We combine these two changes to obtain CenterFusion++.
The following figure displays the modified network architecture on a high level:

CenterFusion++ Overview CenterFusion++ Overview

Installation

The code has been tested on Ubuntu 20.04 with Python 3.7.11, CUDA 11.3.1 and PyTorch 1.10.2.
We used conda for the package management, the conda environment file is provided here.
For installation, follow these steps:

  1. Clone the repository with the --recursive option. We'll call the directory that you cloned thesisdlfusion into CFPP_ROOT:

    git clone --recursive https://github.com/brandesjj/centerfusionpp
  2. Install conda, following the instructions on their website. We use Anaconda, Installation can be done via:

    ./<Anaconda_file.sh>
  3. Create a new conda environment (optional):

    conda env create -f <CFPP_ROOT>/experiments/centerfusionpp.yml   

    Restarg the shell and activate the conda environment

    conda activate centerfusionpp
  4. Build the deformable convolution library:

    cd <CFPP_ROOT>/src/lib/model/networks/DCNv2
    ./make.sh

    Note: If the DCNv2 folder does not exist in the networks directory, it can be downloaded using this command:

    cd <CFPP_ROOT>/src/lib/model/networks
    git clone https://github.com/lbin/DCNv2/

    Note that this repository uses a slightly different DCNv2 repository than CenterFusion since this caused some problems for our CUDA/pytorch version.

Additionally, the docker file to build a docker container with all the necessary packages is located here.

Dataset Preparation

CenterFusion++ was trained and validated using the nuScenes dataset only. Previous work (e.g. CenterTrack) uses other dataset (e.g. KITTI etc.) as well. This is not implemented within CenterFusion++. However, the original files that can be used to convert these datasets into the correct dataformat are not removed from this repository.
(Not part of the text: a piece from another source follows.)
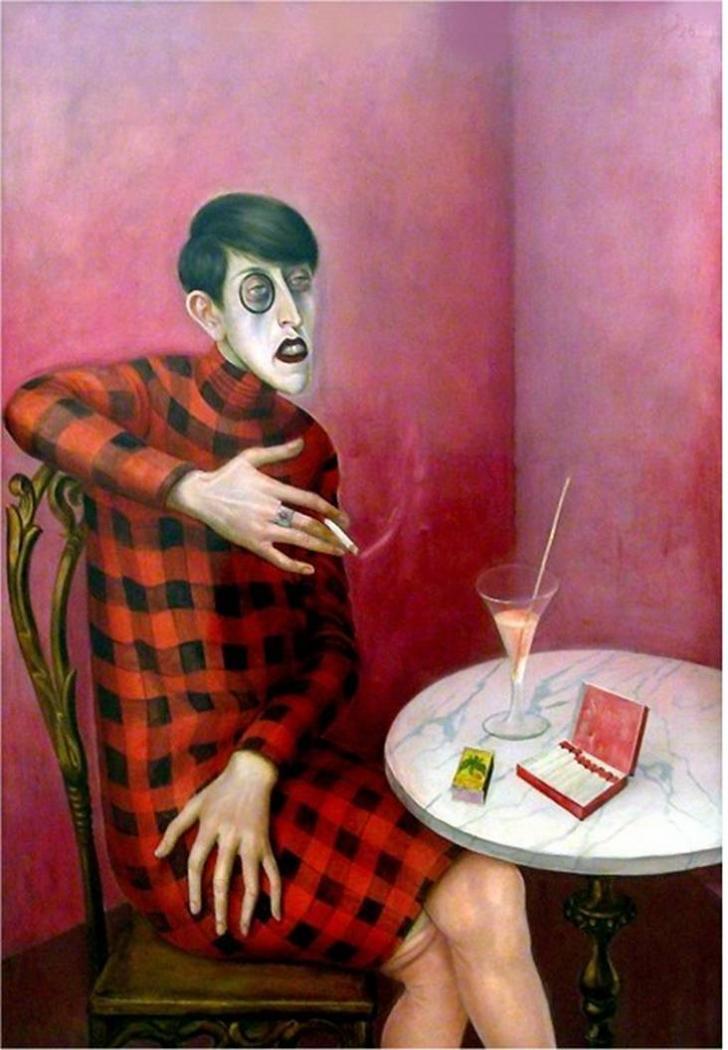 Ben visibile è la sisigaretta, che forse è l'elemento di spicco dell'emancipazione femminile.Altri tratti esplicitamente maschili sono il taglio di capelli, il volto spigoloso e pallido.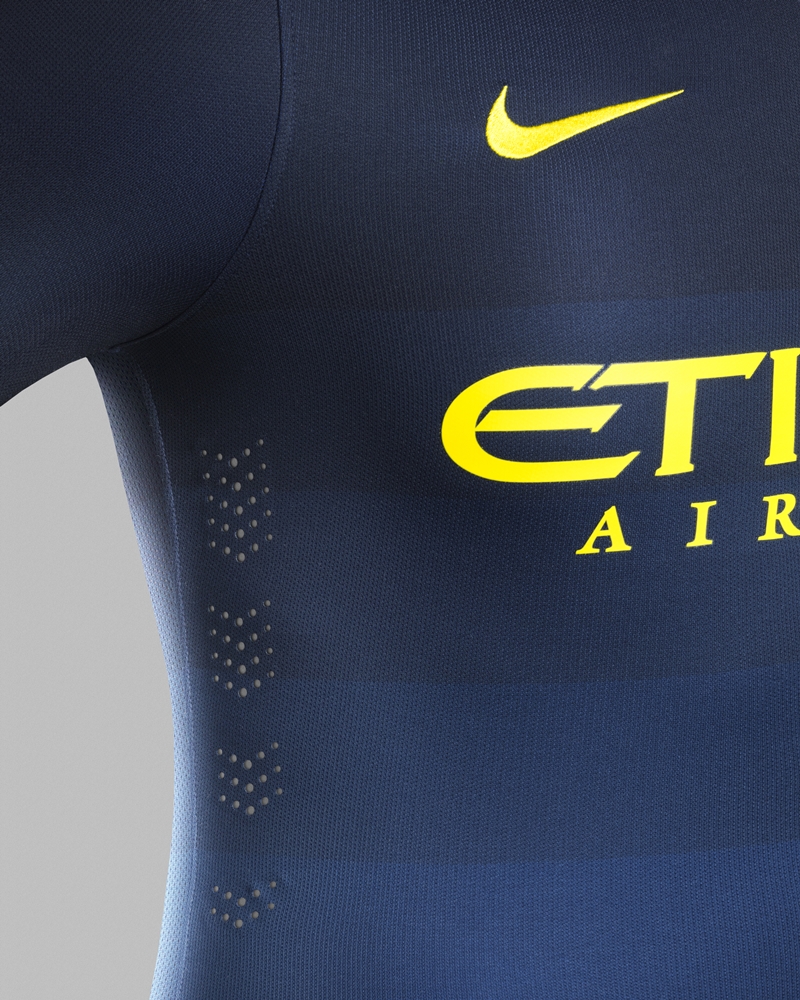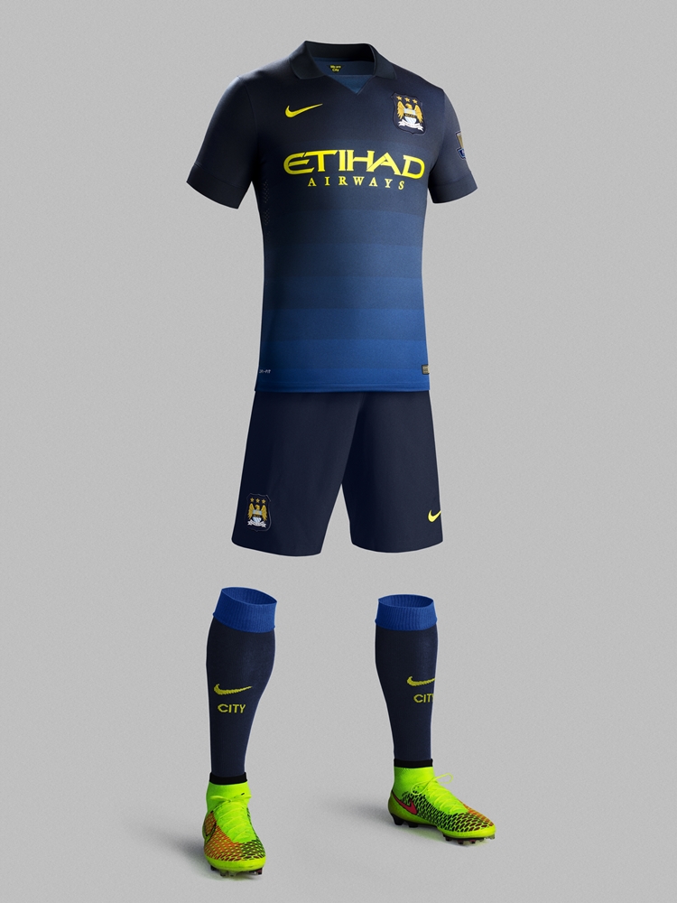 そのシティの2014-15アウェイが25日に発表され、紺をベースにしたユニフォームが登場。濃淡2色によるグラデーションを採用しており、首元の逆三角形型のガゼット部分には明るめの青が配されている。

To download the dataset to your local machine follow these steps:

  1. Download the nuScenes dataset from nuScenes website.
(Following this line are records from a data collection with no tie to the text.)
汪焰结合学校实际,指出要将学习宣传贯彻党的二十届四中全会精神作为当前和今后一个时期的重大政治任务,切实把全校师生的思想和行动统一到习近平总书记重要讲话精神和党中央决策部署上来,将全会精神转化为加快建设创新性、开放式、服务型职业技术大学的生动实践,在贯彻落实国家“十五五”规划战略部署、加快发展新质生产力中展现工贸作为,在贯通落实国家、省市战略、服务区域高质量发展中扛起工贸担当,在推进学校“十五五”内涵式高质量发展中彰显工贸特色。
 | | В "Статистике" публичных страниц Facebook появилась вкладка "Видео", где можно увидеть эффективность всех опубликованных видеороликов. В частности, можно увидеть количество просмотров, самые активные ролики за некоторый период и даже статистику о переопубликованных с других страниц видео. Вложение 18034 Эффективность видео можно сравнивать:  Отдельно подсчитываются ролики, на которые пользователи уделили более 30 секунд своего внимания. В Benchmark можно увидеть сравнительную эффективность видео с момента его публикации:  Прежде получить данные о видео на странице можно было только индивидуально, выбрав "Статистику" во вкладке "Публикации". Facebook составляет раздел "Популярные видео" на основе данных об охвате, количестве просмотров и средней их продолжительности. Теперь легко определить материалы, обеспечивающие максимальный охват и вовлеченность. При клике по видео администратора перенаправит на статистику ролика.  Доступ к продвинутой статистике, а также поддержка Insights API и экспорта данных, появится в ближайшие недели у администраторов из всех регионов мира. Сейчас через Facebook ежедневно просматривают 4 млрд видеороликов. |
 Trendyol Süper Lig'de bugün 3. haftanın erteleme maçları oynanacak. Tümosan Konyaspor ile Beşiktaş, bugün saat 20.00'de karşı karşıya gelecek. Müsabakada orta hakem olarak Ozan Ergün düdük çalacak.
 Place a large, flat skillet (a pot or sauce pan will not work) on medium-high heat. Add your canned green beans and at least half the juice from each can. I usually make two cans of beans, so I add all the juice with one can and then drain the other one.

  2. Extract the downloaded files in the <CFPP_ROOT>\data\nuscenes directory. You should have the following directory structure after extraction:

    <CFPP_ROOT>
    `-- data
        `-- nuscenes
            |-- maps
            |-- samples
            |   |-- CAM_BACK
            |   |   | -- xxx.jpg
            |   |   ` -- ...
            |   |-- CAM_BACK_LEFT
            |   |-- CAM_BACK_RIGHT
            |   |-- CAM_FRONT
            |   |-- CAM_FRONT_LEFT
            |   |-- CAM_FRONT_RIGHT
            |   |-- RADAR_BACK_LEFT
            |   |   | -- xxx.pcd
            |   |   ` -- ...
            |   |-- RADAR_BACK_RIGHT
            |   |-- RADAR_FRON
            |   |-- RADAR_FRONT_LEFT
            |   `-- RADAR_FRONT_RIGHT
            |-- sweeps
            |-- v1.0-mini
            |-- v1.0-test
            `-- v1.0-trainval
        `-- annotations
          
    

    In this work, not all the data available from nuScenes is required. To save disk space, you can skip the LiDAR data in /samples and /sweeps and the CAM_(..) folders in /sweeps.
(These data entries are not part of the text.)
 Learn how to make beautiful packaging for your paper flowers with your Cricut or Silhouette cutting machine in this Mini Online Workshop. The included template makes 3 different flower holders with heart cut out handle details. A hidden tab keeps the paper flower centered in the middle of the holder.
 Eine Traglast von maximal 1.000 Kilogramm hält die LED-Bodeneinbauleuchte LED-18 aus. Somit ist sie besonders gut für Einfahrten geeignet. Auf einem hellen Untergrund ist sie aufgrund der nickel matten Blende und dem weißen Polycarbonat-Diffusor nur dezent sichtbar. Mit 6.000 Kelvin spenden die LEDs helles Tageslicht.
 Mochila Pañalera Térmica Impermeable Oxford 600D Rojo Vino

Now you can create the necessary annotations. To create the annotations, run the convert_nuScenes.py script to convert the nuScenes dataset to the required COCO format:

cd <CFPP_ROOT>/src/tools
python convert_nuScenes.py

The script contains several settings that can be used. They are explained in the first block of the code.

Pretrained Models

The pre-trained models can be downloaded from the links given in the following table:

Model GPUs Backbone Val NDS Val mAP
centerfusionpp.pth 2x NVIDIA A100 EF 0.4512 0.3209
centerfusion_lfa.pth 2x NVIDIA A100 CenterNet170 0.4407 0.3219
earlyfusion.pth 2x NVIDIA A100 DLA34 0.3954 0.3159

Notes:

Training

Train on local machine

The scripts in <CFPP_ROOT>/experiments/ can be used to train the network. There is one for the training on 1 GPU and another for the training on 2 GPUs.

cd <CFPP_ROOT>
bash experiments/train.sh

The --train_split parameter determines the training set, which could be mini_train or train. the --load_model parameter can be set to continue training from a pretrained model, or removed to start training from scratch. You can modify the parameters in the script as needed, or add more supported parameters from <CFPP_ROOT>/src/lib/opts.py.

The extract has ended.